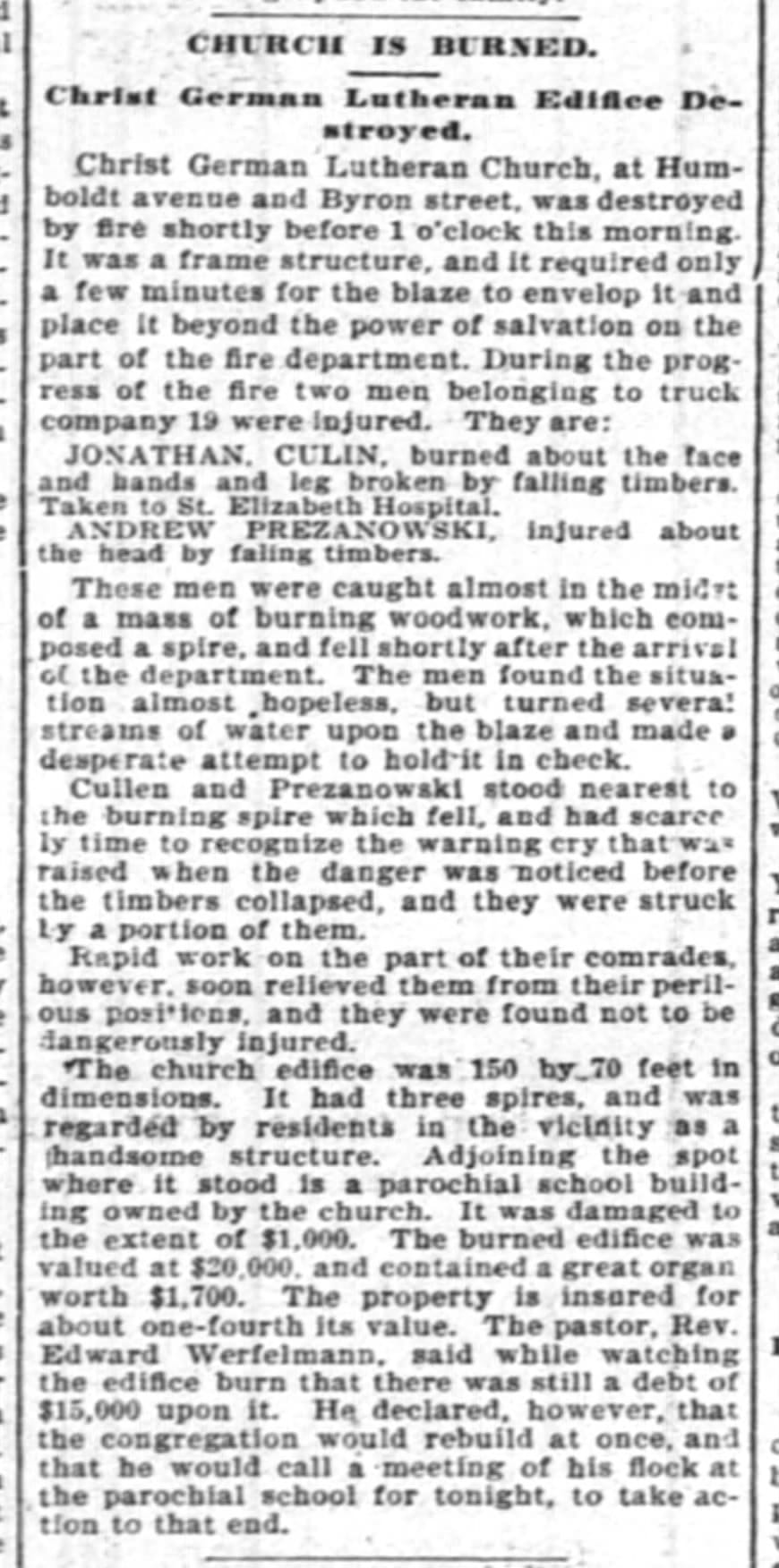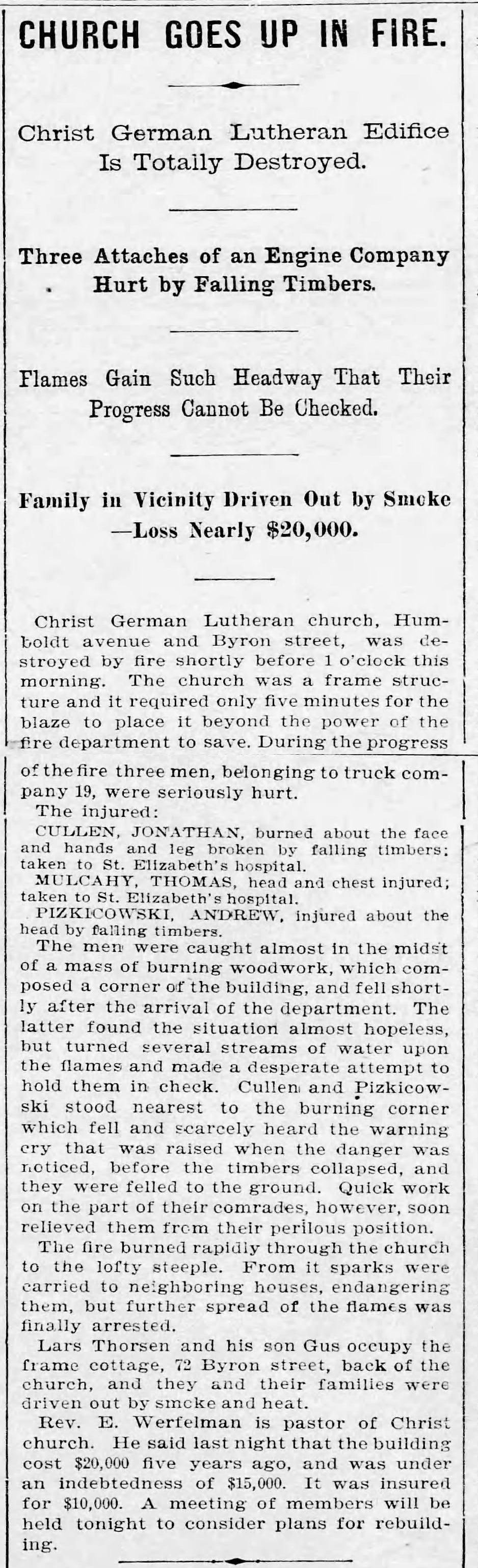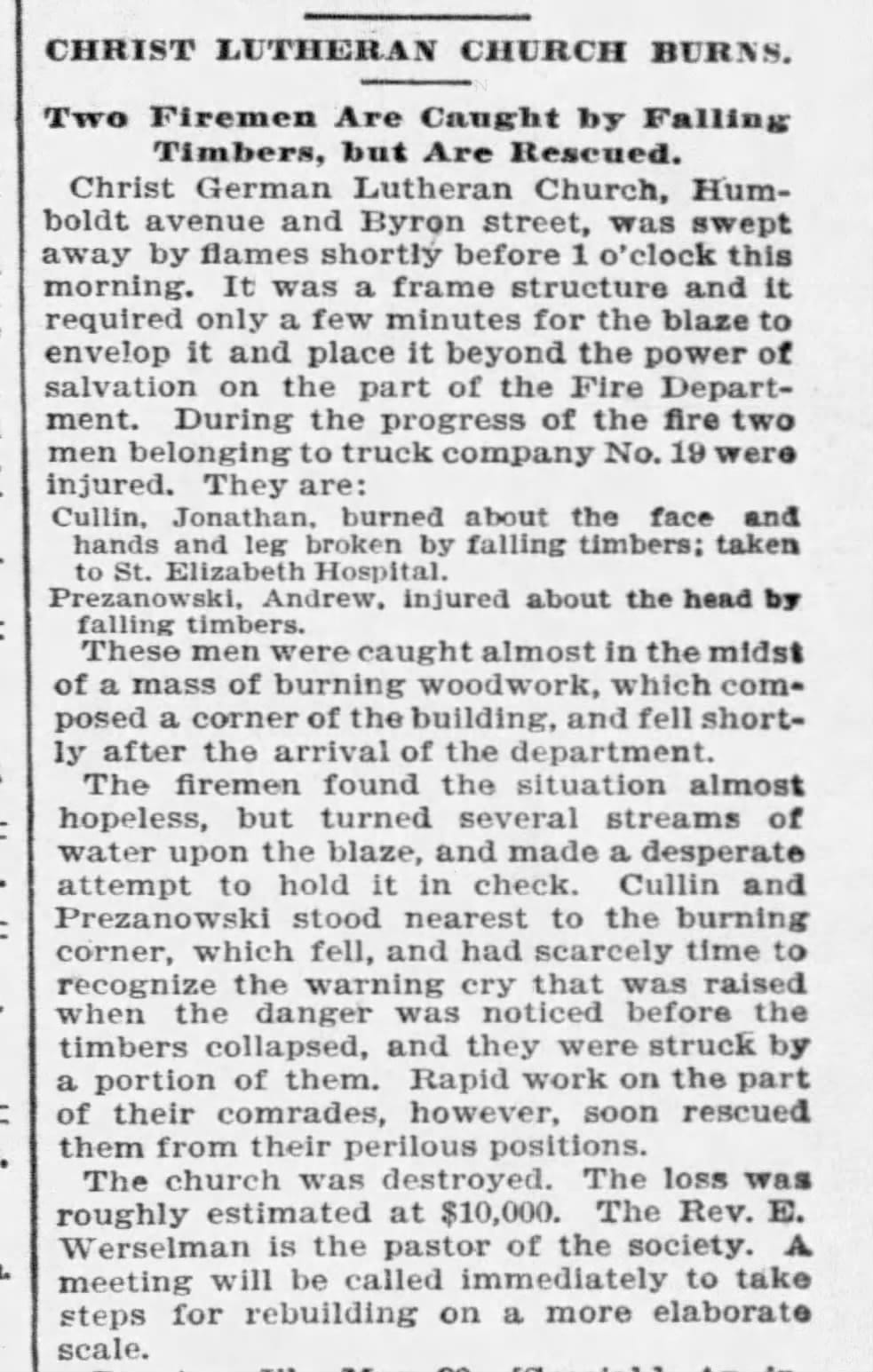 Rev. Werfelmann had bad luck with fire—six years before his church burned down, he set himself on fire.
...
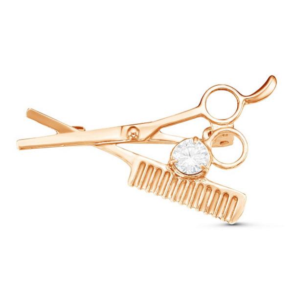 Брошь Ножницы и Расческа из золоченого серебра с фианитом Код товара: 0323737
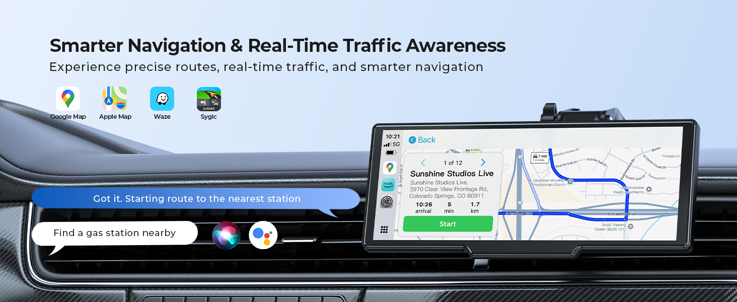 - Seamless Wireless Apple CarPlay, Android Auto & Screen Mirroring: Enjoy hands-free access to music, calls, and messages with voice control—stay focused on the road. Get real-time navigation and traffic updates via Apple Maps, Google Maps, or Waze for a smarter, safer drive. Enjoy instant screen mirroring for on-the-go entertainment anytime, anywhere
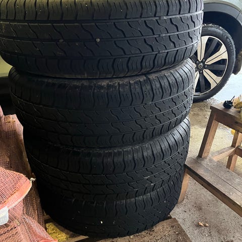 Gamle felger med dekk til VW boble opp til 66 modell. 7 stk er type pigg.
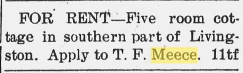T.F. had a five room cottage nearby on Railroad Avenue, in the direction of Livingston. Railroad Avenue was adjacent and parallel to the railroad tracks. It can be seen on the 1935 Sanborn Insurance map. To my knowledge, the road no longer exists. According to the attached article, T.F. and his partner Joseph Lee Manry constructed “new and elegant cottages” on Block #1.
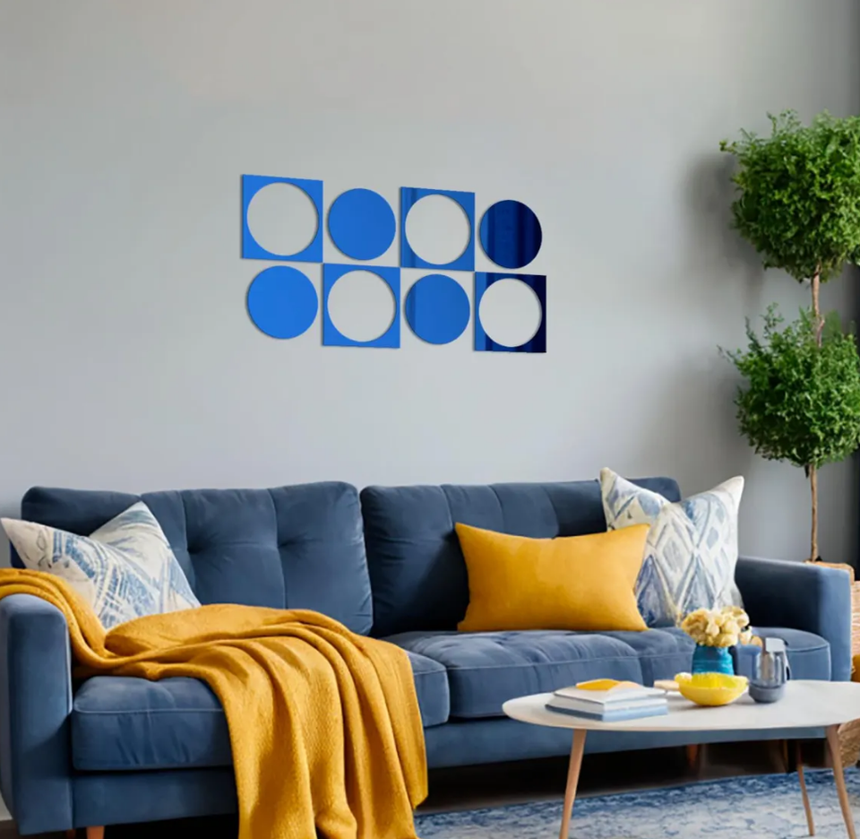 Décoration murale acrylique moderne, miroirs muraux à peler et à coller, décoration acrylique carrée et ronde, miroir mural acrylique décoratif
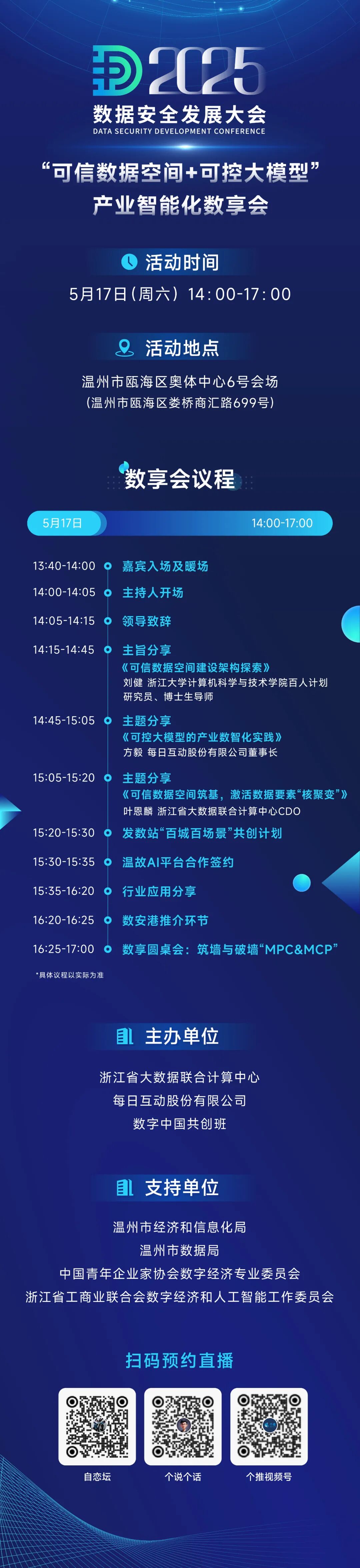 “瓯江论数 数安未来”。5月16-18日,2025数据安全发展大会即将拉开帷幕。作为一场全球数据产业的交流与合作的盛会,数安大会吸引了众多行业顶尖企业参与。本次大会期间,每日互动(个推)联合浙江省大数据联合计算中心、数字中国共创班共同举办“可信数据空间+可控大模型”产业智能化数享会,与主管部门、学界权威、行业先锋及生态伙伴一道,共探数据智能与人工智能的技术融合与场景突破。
* * *
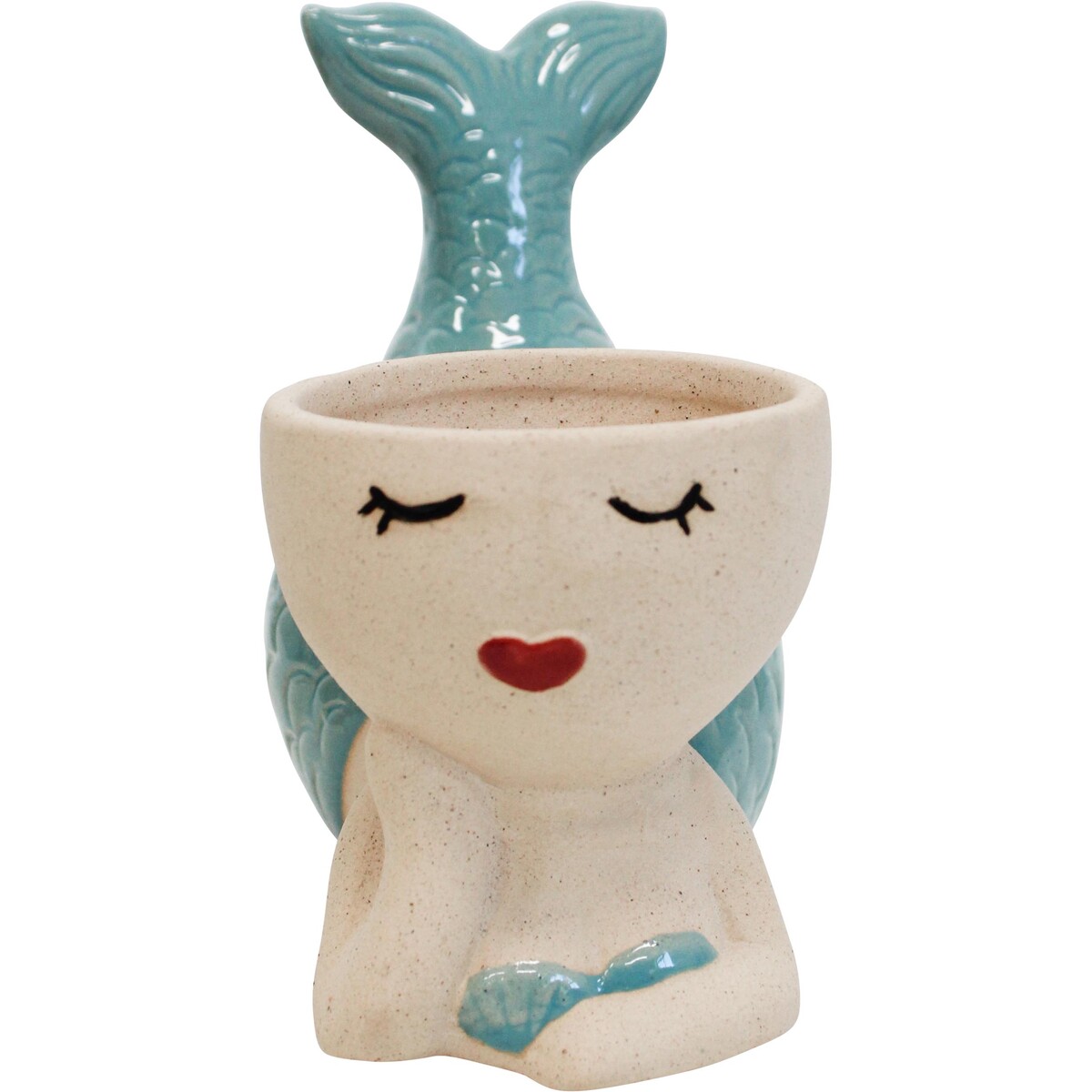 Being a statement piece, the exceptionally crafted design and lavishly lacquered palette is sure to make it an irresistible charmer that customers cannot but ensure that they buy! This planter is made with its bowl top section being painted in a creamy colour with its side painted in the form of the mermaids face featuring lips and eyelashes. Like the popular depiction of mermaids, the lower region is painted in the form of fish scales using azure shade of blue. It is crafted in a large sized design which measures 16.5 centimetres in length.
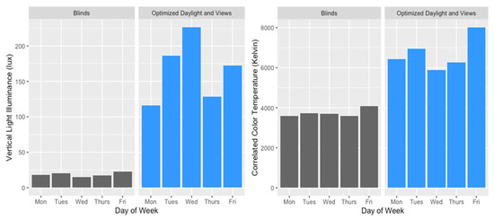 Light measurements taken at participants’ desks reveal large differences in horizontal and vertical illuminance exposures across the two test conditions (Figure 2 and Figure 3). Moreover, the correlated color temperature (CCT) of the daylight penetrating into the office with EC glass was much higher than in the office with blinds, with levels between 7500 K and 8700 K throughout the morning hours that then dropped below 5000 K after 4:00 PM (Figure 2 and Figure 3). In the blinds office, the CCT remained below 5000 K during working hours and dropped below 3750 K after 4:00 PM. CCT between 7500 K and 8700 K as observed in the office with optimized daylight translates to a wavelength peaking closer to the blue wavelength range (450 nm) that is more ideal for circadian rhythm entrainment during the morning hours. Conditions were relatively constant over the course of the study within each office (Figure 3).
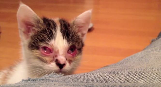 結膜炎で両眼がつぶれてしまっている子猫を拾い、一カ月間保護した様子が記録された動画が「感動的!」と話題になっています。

Exercise brief: Reproduce, exactly and only, the lines of the records above starting at the line with "Gamle felger med" and ending at the line with "Décoration murale acrylique", both included. Leave every picture out.

Written solution:
 Gamle felger med dekk til VW boble opp til 66 modell. 7 stk er type pigg.
T.F. had a five room cottage nearby on Railroad Avenue, in the direction of Livingston. Railroad Avenue was adjacent and parallel to the railroad tracks. It can be seen on the 1935 Sanborn Insurance map. To my knowledge, the road no longer exists. According to the attached article, T.F. and his partner Joseph Lee Manry constructed “new and elegant cottages” on Block #1.
 Décoration murale acrylique moderne, miroirs muraux à peler et à coller, décoration acrylique carrée et ronde, miroir mural acrylique décoratif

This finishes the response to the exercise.